Wenn Sie bereit sind, Sequenzierungsfehler zu ignorieren, können Sie die CIGAR-Zeichenfolge oder das MD-Tag überprüfen, die beide Informationen zur Ausrichtung enthalten

Die Zeichenfolge CIGAR enthält Details zu Einfügungen, Löschungen, Ausschnitten, Übereinstimmungen und Nichtübereinstimmungen. Aus dem Genomanalyse-Wiki,

Die Sequenz, die an einer Referenz ausgerichtet ist, enthält möglicherweise zusätzliche Basen, die nicht in der Referenz enthalten sind, oder es fehlen möglicherweise Basen, die in der Referenz enthalten sind. Die CIGAR-Zeichenfolge ist eine Folge von Basislängen und der zugehörigen Operation. Sie werden verwendet, um Dinge anzuzeigen, wie z. B. welche Basen mit der Referenz übereinstimmen (entweder eine Übereinstimmung oder eine Nichtübereinstimmung), aus der Referenz gelöscht werden und Einfügungen sind, die nicht in der Referenz enthalten sind. Zum Beispiel:

  RefPos: 1 2 3 4 5 6 7 8 9 10 11 12 13 14 15 16 17 18 19Referenz: CCATACTGAACTGACTAA CRead: ACTAGAATGGC Mit der obigen Ausrichtung erhalten Sie : POS: 5CIGAR: 3M1I3M1D5M  

Die häufigste Verwendung der CIGAR-Zeichenfolge verwendet M (Übereinstimmung / Nichtübereinstimmung), I (Einfügen), D (Löschen), S (Soft Clipping) und H. (hartes Abschneiden).
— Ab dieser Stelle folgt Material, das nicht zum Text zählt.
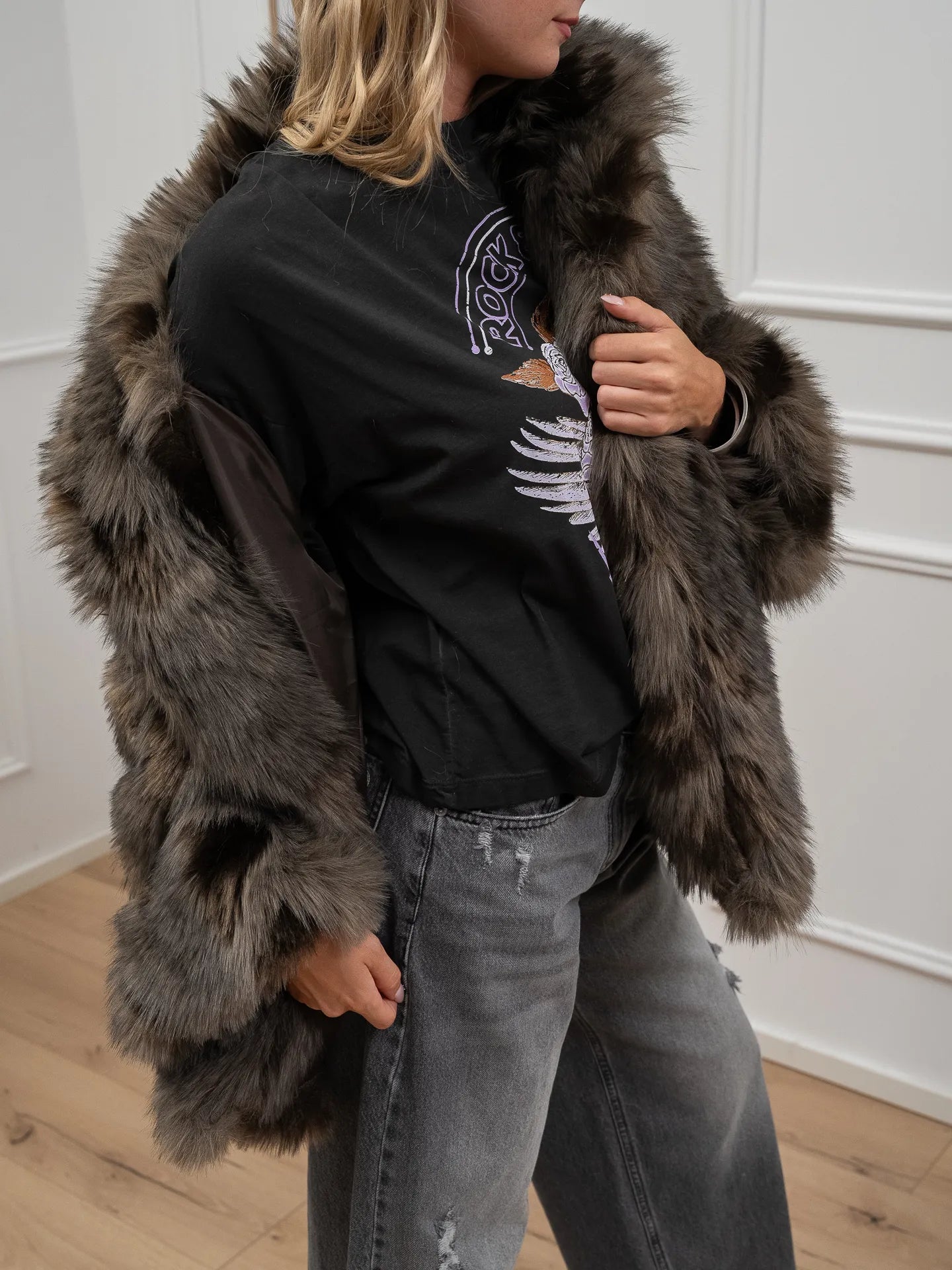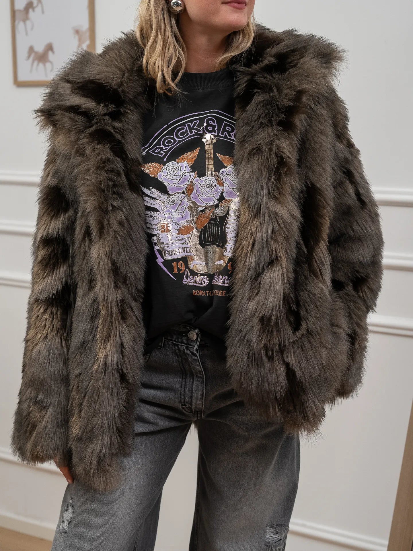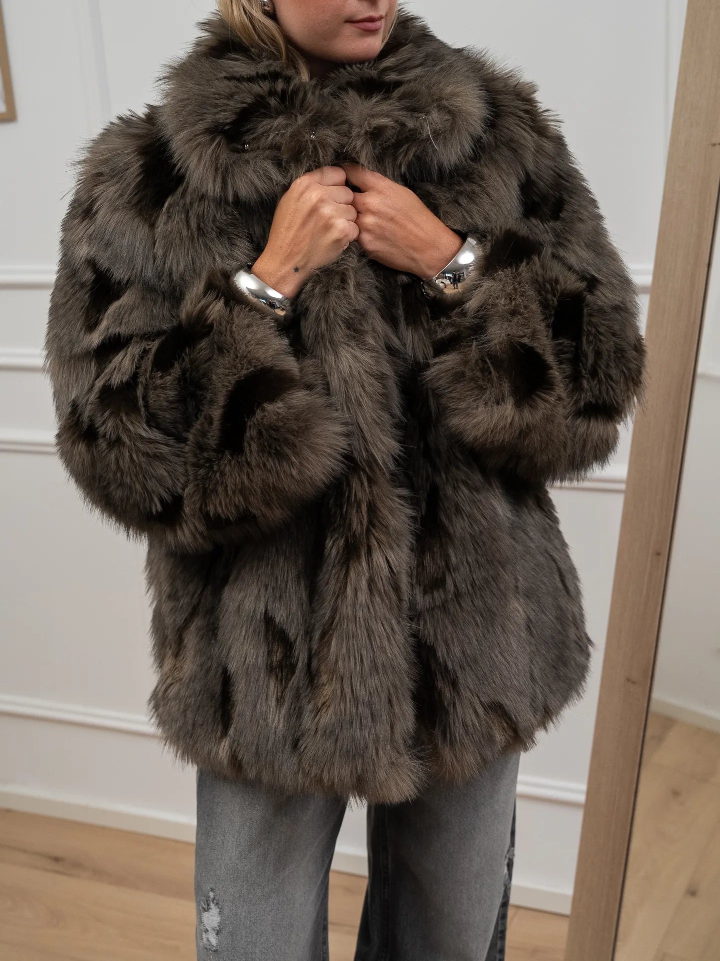 Pelliccia midi color tortora e marrone HaveOne. Modello collo revers lunghezza midi con maniche lunghe. Chiusura frontale con doppio gancio, tasche laterali.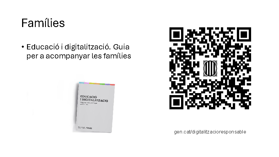Pla de digitalització responsable. Informació del Departament d’Educació i Formació Professional per a les famílies.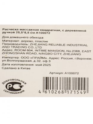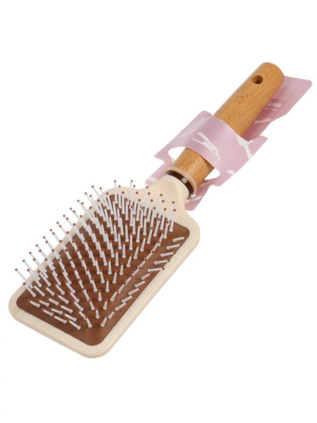 Расческа массажная, 25.5х8.5 см, пластик, деревянная ручка, квадратная, A100072
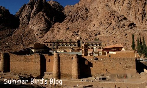 高达2285米的西奈山(在阿拉伯语中称为“盖布尔穆萨”,即“摩西之山”)耸立在圣凯瑟琳隐修院的后面。它就是《圣经》中的何烈山,摩西在这里停留了40天,接受记录着上帝“十诫”的法版。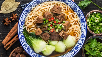 Ubiquitous in Taiwan, this beef noodle soup is enjoyed at small restaurants and markets throughout the country. Yet despite its casual nature, it carries serious esteem. Several eateries known for serving it are noted in the Michelin guide, and the dish is even celebrated at an annual Beef Noodle Festival. Such intense competition means the food has taken on an array of refined forms. An especially popular version is called hong shao niu rou mian — and it may just be your new favorite comfort food.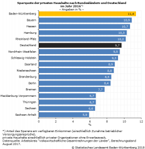 Die privaten Haushalte können ihr Einkommen entweder konsumieren oder sparen. Das nicht für Konsumzwecke verwendete verfügbare Einkommen zuzüglich der Zunahme der betrieblichen Versorgungsansprüche stellt das Sparen der privaten Haushalte dar. Im Jahr 2016 haben die privaten Haushalte im Südwesten mit insgesamt gut 30,6 Mrd. Euro 2,1 % mehr gespart als im Vorjahr. Dies entsprach einer Pro-Kopf-Ersparnis von über 2 800 Euro. Die Sparquote, der Anteil des Sparvolumens am verfügbaren Einkommen (zuzüglich der Zunahme betrieblicher Versorgungsansprüche), belief sich hierzulande 2016 auf 11,4 %. Im bundesweiten Vergleich war Baden-Württemberg damit auch 2016 das sparfreudigste Bundesland. Auf den Plätzen zwei und drei folgten Bayern und Hessen mit einer Sparquote von 10,9 % bzw. 10,7 %.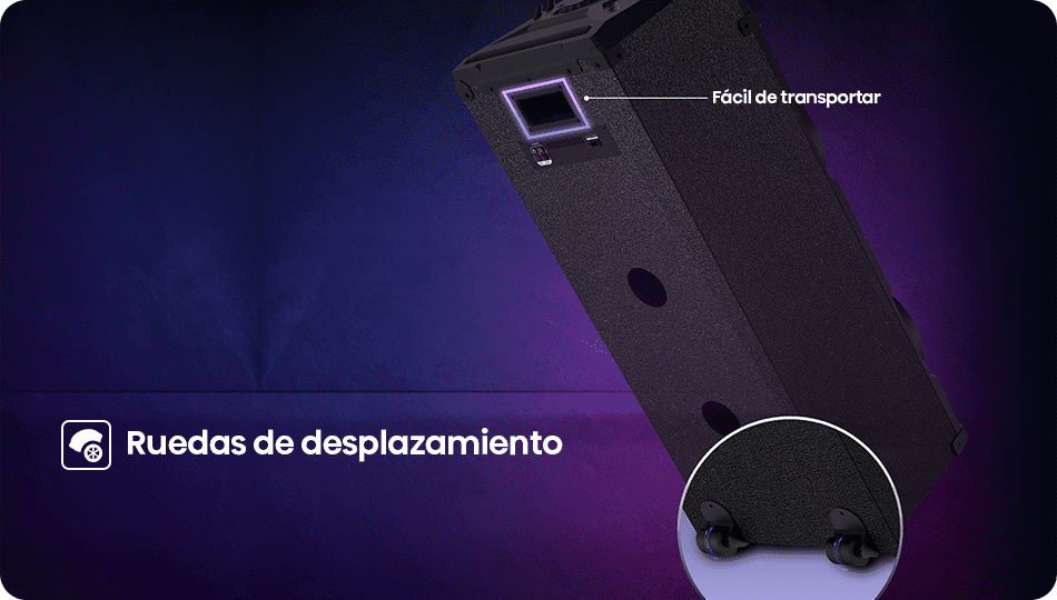 Su diseño con ruedas integradas facilita el traslado a cualquier lugar. La música te acompaña siempre, dentro o fuera de casa sin esfuerzo.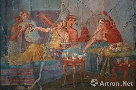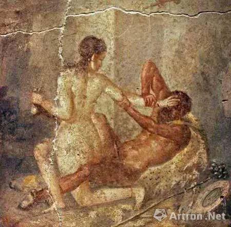那时庞贝城的每家“青楼”里都画着挑逗性的壁画,考古出土的墙上至今仍充斥着各种不堪入目的春画。火山爆发前的庞贝城是个公共浴室的年代,在欲室的更衣室中都装饰着各种爱意壁画,在大厅的壁画里,也常常有裸卧的女人,生殖崇拜以及各种场面,直截了当。总之,在庞贝城出土的很多雕塑以及壁画中都有很多程度不一样的难以入目入笔的“色情”作品。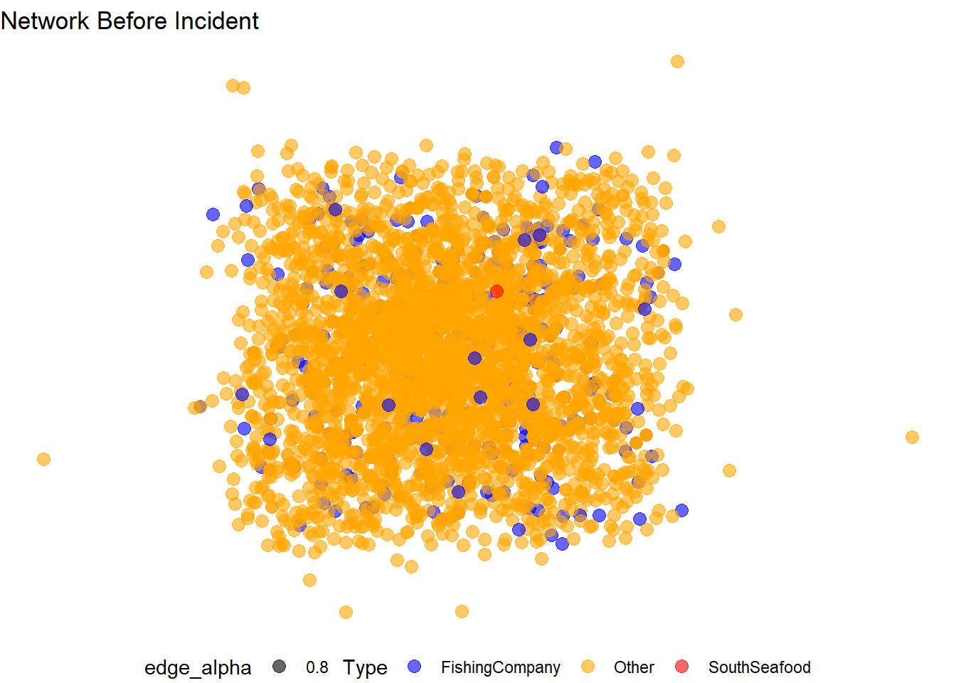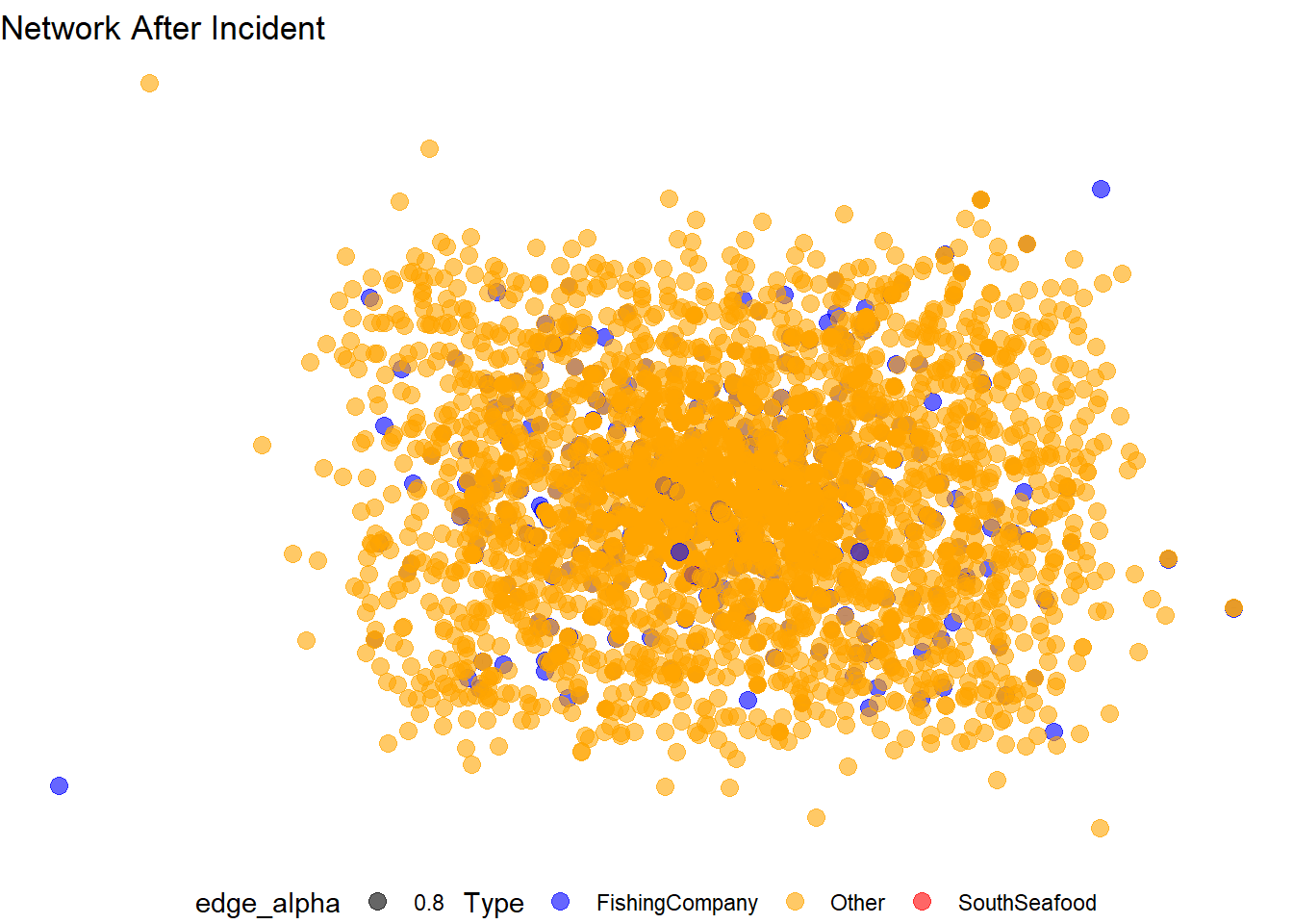 SouthSeafood Express Corp (red node) remains central but its connections might have changed, indicating possible impact from the incident.

Beachten Sie, dass = (Übereinstimmung) und X (Nichtübereinstimmung) als Alternativen zum weniger informativen M verfügbar sind, jedoch weniger häufig verwendet werden.

Das MD-Tag enthält spezifische Details zu Nichtübereinstimmungen und Löschungen. Aus der SAMtools-Tags-Spezifikation,

Das MD-Feld zielt darauf ab, SNP / Indel-Aufrufe zu erreichen, ohne auf die Referenz zu achten. Beispielsweise bedeutet eine Zeichenfolge "10A5 ^ AC6", dass von der Referenzbasis ganz links in der Ausrichtung 10 Übereinstimmungen gefolgt von einem A auf der Referenz vorhanden sind, das sich von der ausgerichteten Lesebasis unterscheidet. Die nächsten 5 Referenzbasen sind Übereinstimmungen, gefolgt von einer 2-bp-Löschung aus der Referenz. die gelöschte Sequenz ist AC; Die letzten 6 Basen sind Streichhölzer. Das MD-Feld sollte mit der CIGAR-Zeichenfolge übereinstimmen.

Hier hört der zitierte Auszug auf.